The so-called concept of fair use in web crawlers and artificial intelligence projects has been called into question. Writers, visual artists and even source code developers sued companies such as OpenAI, Microsoft and Meta because their original works were used to train models without permission and they did not benefit from it.

Steven Steven Sinofsky, a former Microsoft executive and partner at venture capital firm Andreessen Horowitz, recently wrote on social media that even if you put something on the Internet, you can't use someone's work for free and without restriction without consent.

There is no solution. "We are trying to solve all these problems right now," says Stiller, chief executive of knowledge sharing. There are many issues to be addressed: compensation, empowerment, trust. In the age of artificial intelligence, we don't have an answer yet.

Mr de Valcke said that because intellectual property sharing licenses promote the circulation of copyright and allow their own works to be used on the Internet, they can be used as a potential licensing model for the development of artificial intelligence models.

Stiller is not sure. When it comes to artificial intelligence, she says, there may be no single solution. Even a more flexible generic protocol may not work. How do you authorize the entire Internet?

"every lawyer I spoke to said that permission doesn't solve the problem," Stiller said. "

She often discusses the issue with the author, artificial intelligence industry executives and other stakeholders.

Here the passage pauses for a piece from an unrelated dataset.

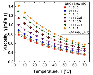 在一項監測溫度、鹽濃度和溶劑濃度如何影響黏度的實驗中,RheoSense 團隊使用 VROC ® initium one plus 自動黏度計測量了包含不同比例的 DMC、EMC、EC 的各種電解質系統。我們的實驗表明,隨著溫度的升高,各種樣品的黏度都會降低。它還表明,當您將 EC 添加到溶液中時,黏度會增加,並且黏度越大的混合物隨著溫度的升高黏度下降得越快。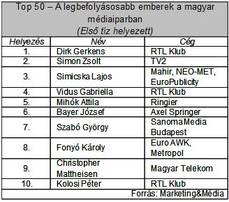 Az idei „Top 50 – A legbefolyásosabb emberek a magyar médiaiparban” lista összetétele ugyan több mint harmadával változott, az élboly ugyanakkor viszonylag stabil maradt. A korábbi évekhez hasonlóan megőrizte vezető helyét Dirk Gerkens, az RTL Klub vezére. A szintén a cégcsoportnál dolgozó Vidus Gabriella egy helyezést javítva idén a negyedik lett, Kolosi Péter pedig a 10. helyre került. Simon Zsolt, a TV2 első embere megőrizte korábbi második pozícióját, míg a képzeletbeli dobogón új szereplő Simicska Lajos, aki a Mahir, NEO-MET és EuroPublicity érdekeltségein keresztül a harmadik legmeghatározóbb személyiség a médiaiparban, a tavalyi hetedik helyről erősödve egészen idáig. A sajtópiacon helycsere történt, az Axel Springert irányító Bayer Józsefet megelőzte Mihók Attila, a Ringier ügyvezetője. Szabó György, a Sanoma Media Budapest vezetője tavalyhoz képest két helyezést lépett előre, idén a hetedik. Érdemes kiemelni az első tízből új szereplőként Christopher Mattheisent, a Magyar Telekom vezérigazgatóját, aki idén a kilencedik helyet foglalja el, valamint Fonyó Károlyt (Metropol, Euro AWK), aki a zsűri döntése alapján a nyolcadik legbefolyásosabb szereplő a hazai médiaiparban.

Stiller met with representatives of OpenAI earlier this year and said the company was discussing how to reward creators.

But she added that it is not clear what the public space will look like in the era of artificial intelligence.

Given that web crawlers have collected a lot of data for large technology companies, and that content creators are simply out of control, the Internet could change dramatically.

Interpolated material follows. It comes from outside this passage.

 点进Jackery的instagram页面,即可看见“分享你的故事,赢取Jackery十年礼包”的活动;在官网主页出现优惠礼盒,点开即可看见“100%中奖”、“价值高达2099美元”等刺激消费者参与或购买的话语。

If publishing information means providing data to competing artificial intelligence models for free, then this activity may stop.

There are already signs that fewer programmers visit the question-and-answer site Stack Overflow to answer questions because their previous efforts have been used to train artificial intelligence models, which can now answer many questions automatically.

Stiller said that the future of all online content creation may soon be the same as today's streaming, content is locked in subscription services, increasingly expensive.

"if we are not careful, it will eventually lead to the closure of public spaces," Stiller said. "there will be more walled gardens and more things that people cannot access. This is not a successful model of knowledge and creativity in the future."

Welcome to subscribe "Shulou Technology Information " to get latest news, interesting things and hot topics in the IT industry, and controls the hottest and latest Internet news, technology news and IT industry trends.

*The comments in the above article only represent the author's personal views and do not represent the views and positions of this website. If you have more insights, please feel free to contribute and share.